When businesses offer free trials which could apply to the markets for subscription services such as Netflix or magazines / newspapers.
3. Investigate the following businesses: Netflix, The Wall Street Times, Spike podcast and Guardian newspaper. How many of these businesses use 'loss aversion' tactics to increase sales?
All of the above use loss aversion tactics - the first two offer an initial 'trial' period where the product is available either free or at a discounted price to get consumers hooked on the purchase before charging the full price. The last two (Spike and Guardian) are available free for an unlimited time but consumers are then sent a message asking them to donate to ensure that the service continues to be offered.
4. What do economists mean by 'don't let Homer do nothing'?
By using plain speaking language to inform customers of their purchasing decisions e.g. electricity meters that tell you must money you have spent or phone apps that tell you how many calories you have burnt. These offer positive reinforcement that encourage desirable consumption habits.

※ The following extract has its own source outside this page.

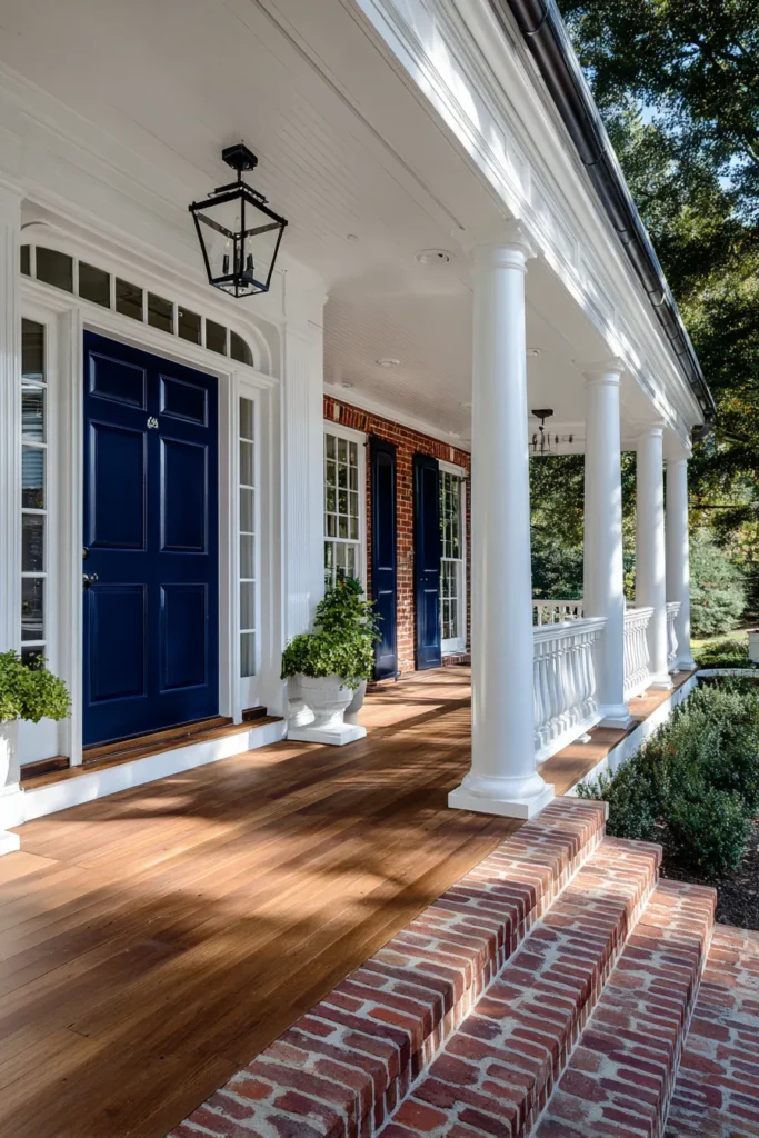 This long front porch stretches gracefully across the home, supported by classic white columns and finished with warm wood flooring. The deep navy front door adds just enough contrast against the brick exterior, while black shutters and simple lantern lights keep the look rooted in tradition. The railing details and brick steps feel refined but still approachable.

Activity 3 - Discussion activity
The final video highlights some of the positives and negatives (for consumers and citizens). Use the information contained in the video and your wider knowledge to answer the question 'Behavioural economics - good or bad?'
As with many new discoveries there is scope for the theory to provide both positives and negatives. The video highlights successful campaigns by the UK government to encourage lower energy consumption while the beginning of the video highlights the vast level of consumer debt that many individuals have run up, in part a consequence of successful marketing teams which behavioural economists are now a part of. Finally, for those individuals concerned about an increasing loss of freedom in our lives, some might consider this to be simply a step too far.